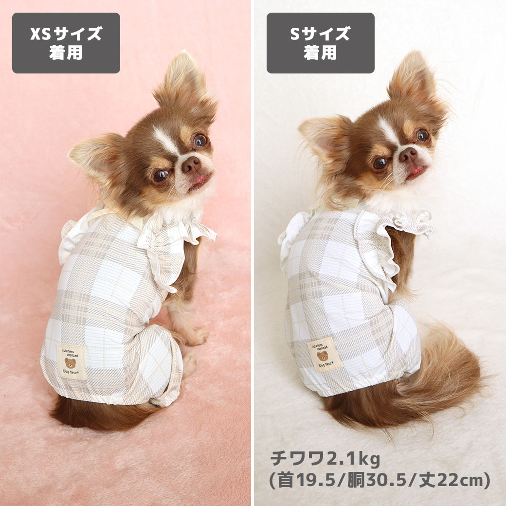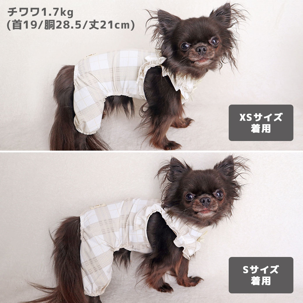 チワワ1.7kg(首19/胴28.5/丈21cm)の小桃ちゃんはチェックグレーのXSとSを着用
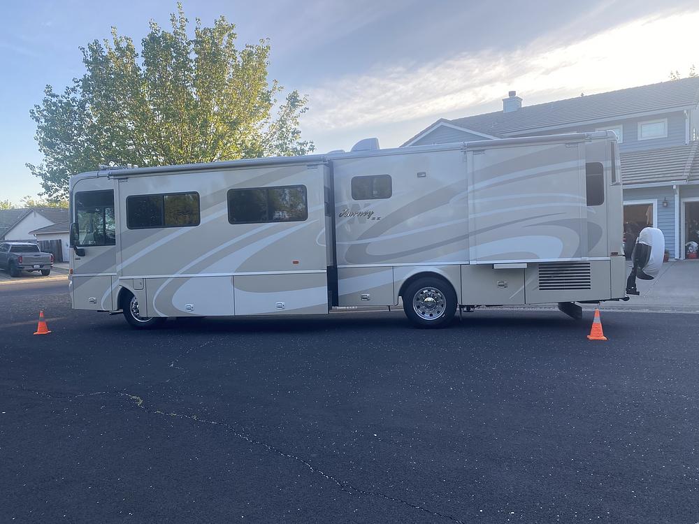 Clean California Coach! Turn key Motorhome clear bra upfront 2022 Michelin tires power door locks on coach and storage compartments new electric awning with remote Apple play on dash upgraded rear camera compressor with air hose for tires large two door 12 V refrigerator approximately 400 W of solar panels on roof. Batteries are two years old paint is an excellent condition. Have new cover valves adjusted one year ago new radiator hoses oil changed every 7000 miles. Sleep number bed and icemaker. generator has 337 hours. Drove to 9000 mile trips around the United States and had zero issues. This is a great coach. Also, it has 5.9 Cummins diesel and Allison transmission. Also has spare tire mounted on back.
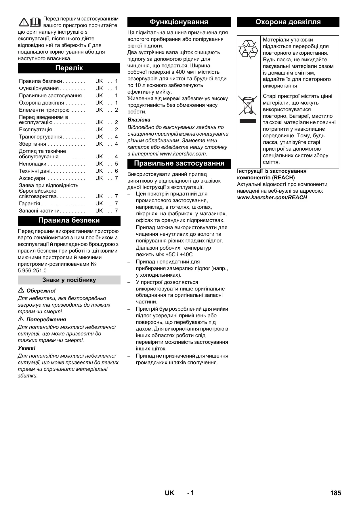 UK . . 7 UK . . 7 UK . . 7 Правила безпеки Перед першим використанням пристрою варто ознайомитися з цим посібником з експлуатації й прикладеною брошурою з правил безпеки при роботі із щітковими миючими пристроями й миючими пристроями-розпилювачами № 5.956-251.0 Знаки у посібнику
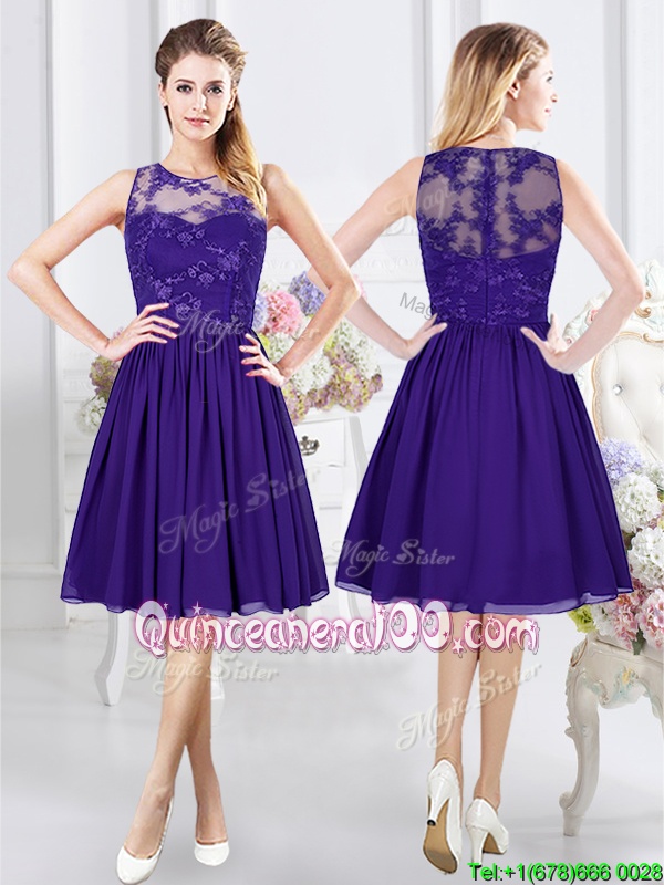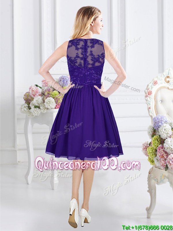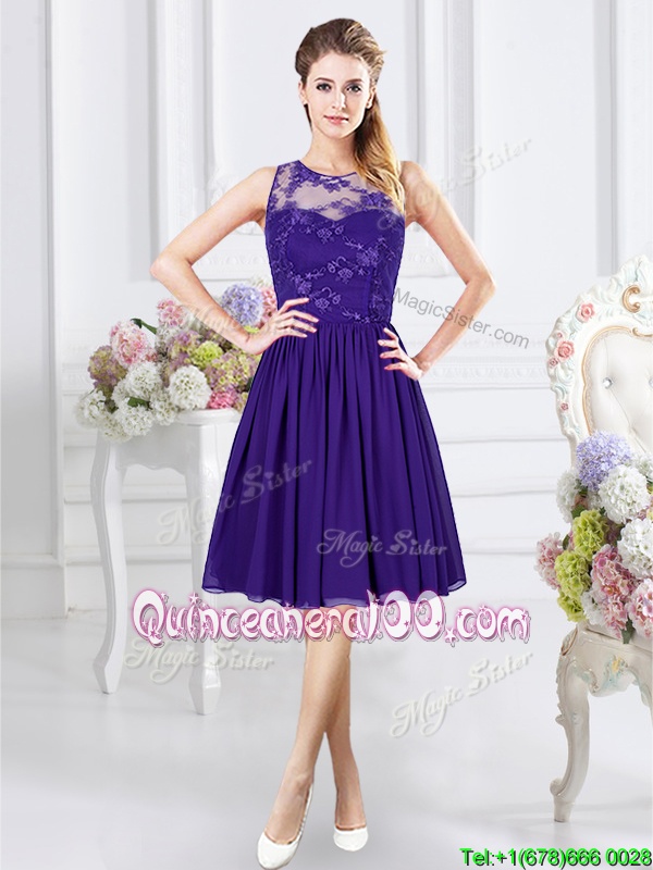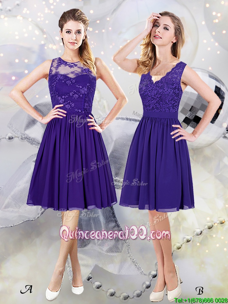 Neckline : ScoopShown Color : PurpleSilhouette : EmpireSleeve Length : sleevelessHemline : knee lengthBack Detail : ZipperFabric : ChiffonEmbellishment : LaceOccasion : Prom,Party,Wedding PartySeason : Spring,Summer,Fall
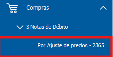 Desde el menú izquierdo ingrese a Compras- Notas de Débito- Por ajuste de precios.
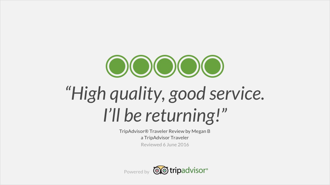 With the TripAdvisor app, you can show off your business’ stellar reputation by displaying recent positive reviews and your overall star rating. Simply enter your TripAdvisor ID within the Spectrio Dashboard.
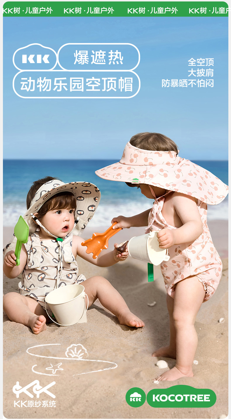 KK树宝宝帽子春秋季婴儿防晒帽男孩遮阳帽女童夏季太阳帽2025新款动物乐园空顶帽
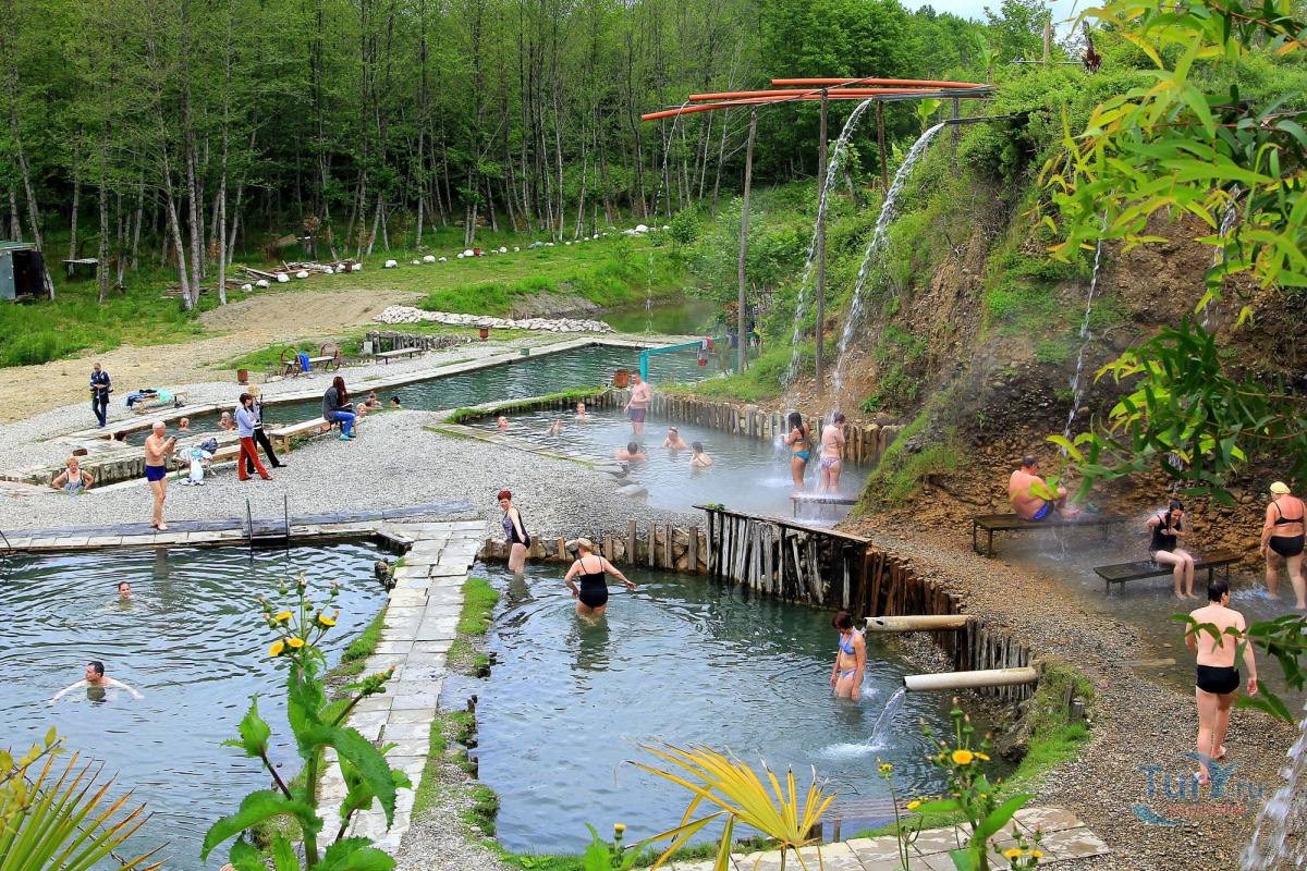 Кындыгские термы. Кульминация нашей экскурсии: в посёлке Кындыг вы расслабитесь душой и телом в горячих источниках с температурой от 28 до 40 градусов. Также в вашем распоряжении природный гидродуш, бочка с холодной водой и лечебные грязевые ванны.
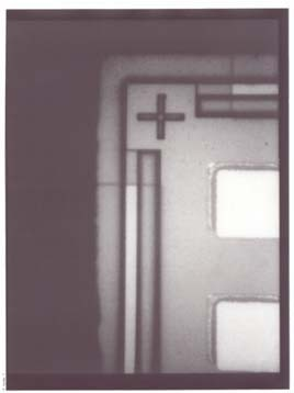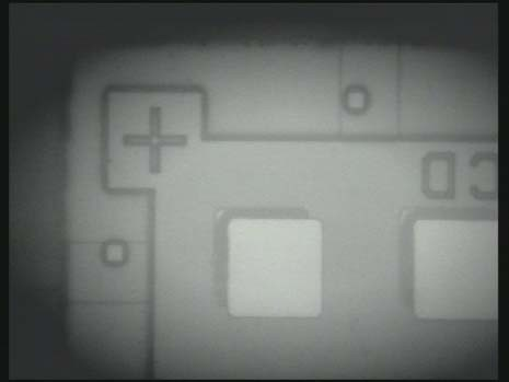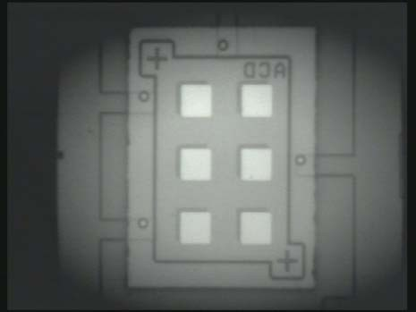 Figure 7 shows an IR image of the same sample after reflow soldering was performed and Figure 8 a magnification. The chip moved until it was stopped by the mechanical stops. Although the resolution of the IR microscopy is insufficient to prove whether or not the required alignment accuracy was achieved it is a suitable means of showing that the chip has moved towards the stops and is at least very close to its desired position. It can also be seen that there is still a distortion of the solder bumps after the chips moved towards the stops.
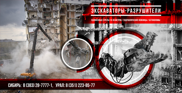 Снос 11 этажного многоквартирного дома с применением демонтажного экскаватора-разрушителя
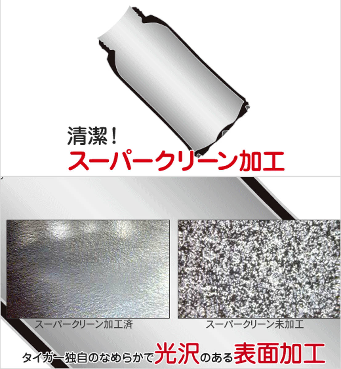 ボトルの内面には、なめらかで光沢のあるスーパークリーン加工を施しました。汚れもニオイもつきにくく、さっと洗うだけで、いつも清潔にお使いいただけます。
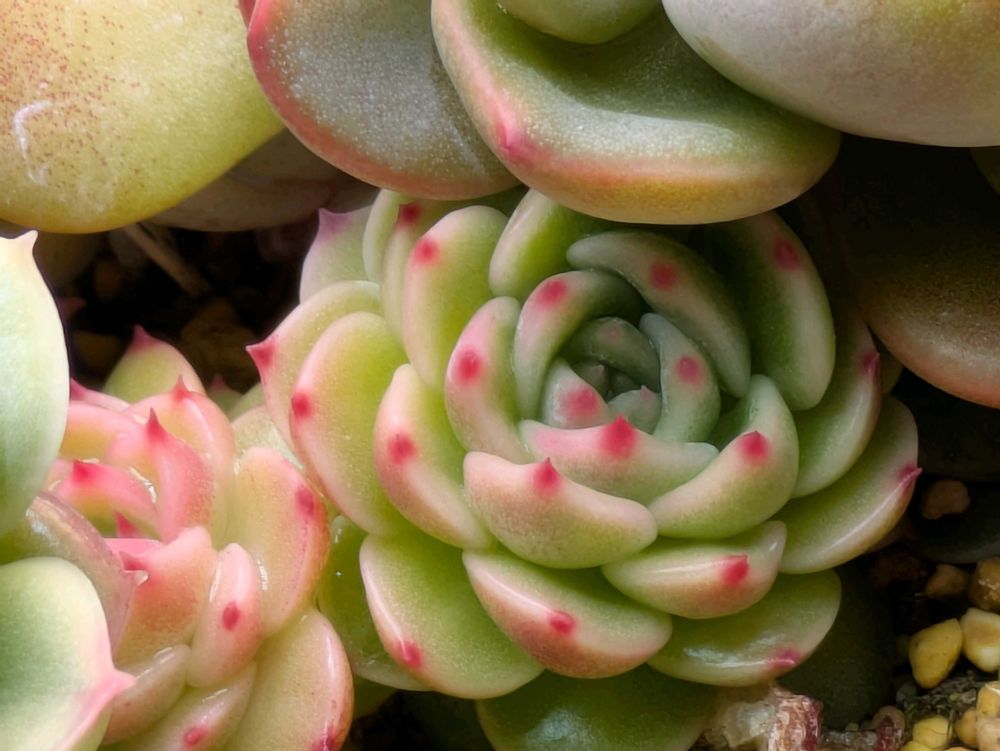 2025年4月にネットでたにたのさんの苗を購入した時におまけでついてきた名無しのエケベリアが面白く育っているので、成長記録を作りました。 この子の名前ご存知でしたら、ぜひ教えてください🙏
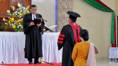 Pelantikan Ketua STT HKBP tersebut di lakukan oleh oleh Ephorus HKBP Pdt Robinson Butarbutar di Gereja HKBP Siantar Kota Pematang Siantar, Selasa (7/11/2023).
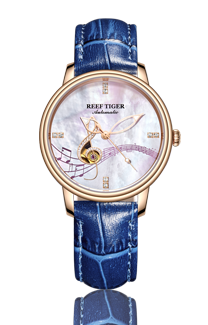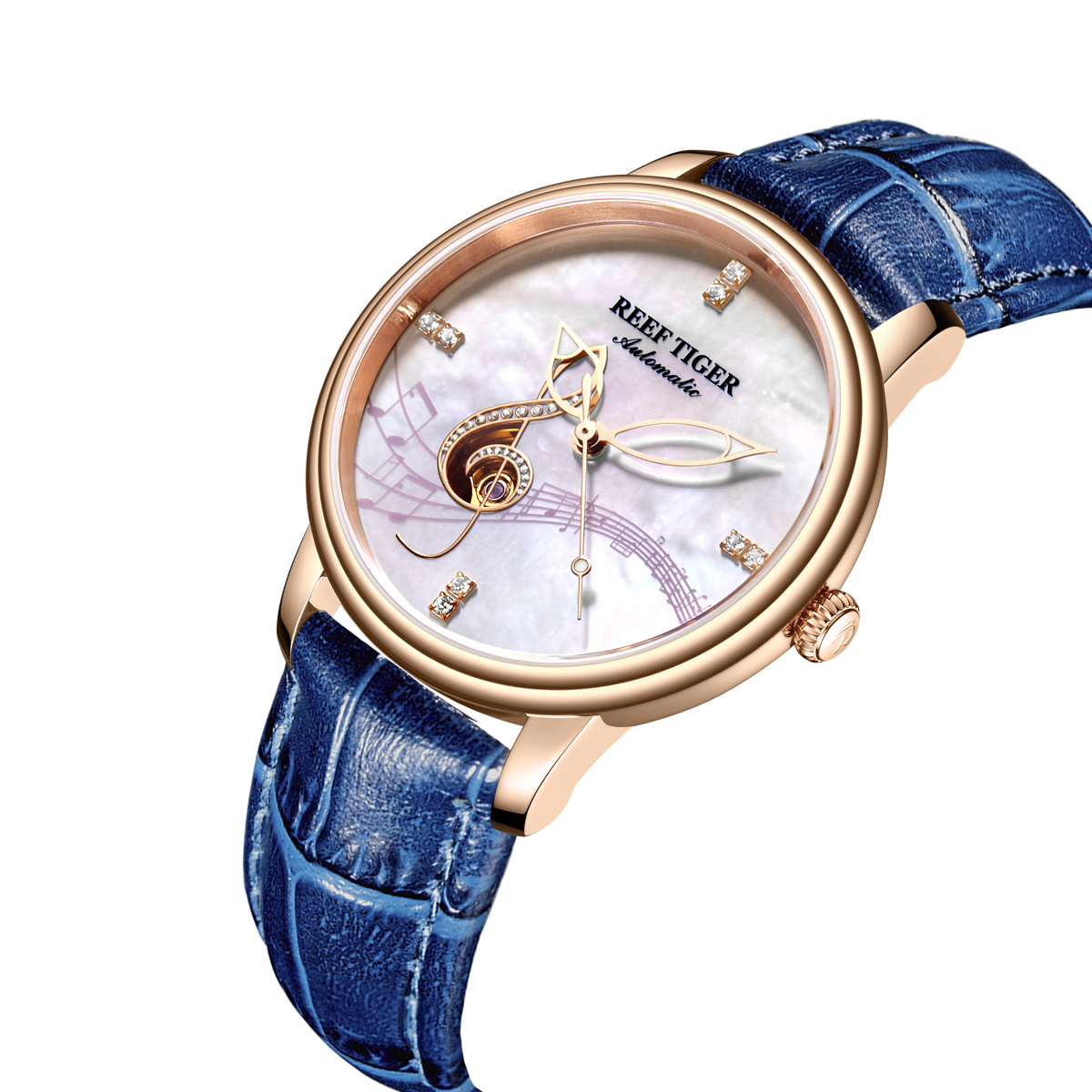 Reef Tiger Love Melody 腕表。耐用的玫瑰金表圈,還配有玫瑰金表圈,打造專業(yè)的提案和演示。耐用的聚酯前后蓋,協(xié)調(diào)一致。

Your objective
The listing is to be reproduced in full and exactly, except that its pictures are to be dropped.

Reply to the task
 チワワ1.7kg(首19/胴28.5/丈21cm)の小桃ちゃんはチェックグレーのXSとSを着用
 Clean California Coach! Turn key Motorhome clear bra upfront 2022 Michelin tires power door locks on coach and storage compartments new electric awning with remote Apple play on dash upgraded rear camera compressor with air hose for tires large two door 12 V refrigerator approximately 400 W of solar panels on roof. Batteries are two years old paint is an excellent condition. Have new cover valves adjusted one year ago new radiator hoses oil changed every 7000 miles. Sleep number bed and icemaker. generator has 337 hours. Drove to 9000 mile trips around the United States and had zero issues. This is a great coach. Also, it has 5.9 Cummins diesel and Allison transmission. Also has spare tire mounted on back.
 UK . . 7 UK . . 7 UK . . 7 Правила безпеки Перед першим використанням пристрою варто ознайомитися з цим посібником з експлуатації й прикладеною брошурою з правил безпеки при роботі із щітковими миючими пристроями й миючими пристроями-розпилювачами № 5.956-251.0 Знаки у посібнику
 Neckline : ScoopShown Color : PurpleSilhouette : EmpireSleeve Length : sleevelessHemline : knee lengthBack Detail : ZipperFabric : ChiffonEmbellishment : LaceOccasion : Prom,Party,Wedding PartySeason : Spring,Summer,Fall
 Desde el menú izquierdo ingrese a Compras- Notas de Débito- Por ajuste de precios.
 With the TripAdvisor app, you can show off your business’ stellar reputation by displaying recent positive reviews and your overall star rating. Simply enter your TripAdvisor ID within the Spectrio Dashboard.
 KK树宝宝帽子春秋季婴儿防晒帽男孩遮阳帽女童夏季太阳帽2025新款动物乐园空顶帽
 Кындыгские термы. Кульминация нашей экскурсии: в посёлке Кындыг вы расслабитесь душой и телом в горячих источниках с температурой от 28 до 40 градусов. Также в вашем распоряжении природный гидродуш, бочка с холодной водой и лечебные грязевые ванны.
 Figure 7 shows an IR image of the same sample after reflow soldering was performed and Figure 8 a magnification. The chip moved until it was stopped by the mechanical stops. Although the resolution of the IR microscopy is insufficient to prove whether or not the required alignment accuracy was achieved it is a suitable means of showing that the chip has moved towards the stops and is at least very close to its desired position. It can also be seen that there is still a distortion of the solder bumps after the chips moved towards the stops.
 Снос 11 этажного многоквартирного дома с применением демонтажного экскаватора-разрушителя
 ボトルの内面には、なめらかで光沢のあるスーパークリーン加工を施しました。汚れもニオイもつきにくく、さっと洗うだけで、いつも清潔にお使いいただけます。
 2025年4月にネットでたにたのさんの苗を購入した時におまけでついてきた名無しのエケベリアが面白く育っているので、成長記録を作りました。 この子の名前ご存知でしたら、ぜひ教えてください🙏
 Pelantikan Ketua STT HKBP tersebut di lakukan oleh oleh Ephorus HKBP Pdt Robinson Butarbutar di Gereja HKBP Siantar Kota Pematang Siantar, Selasa (7/11/2023).
 Reef Tiger Love Melody 腕表。耐用的玫瑰金表圈,還配有玫瑰金表圈,打造專業(yè)的提案和演示。耐用的聚酯前后蓋,協(xié)調(diào)一致。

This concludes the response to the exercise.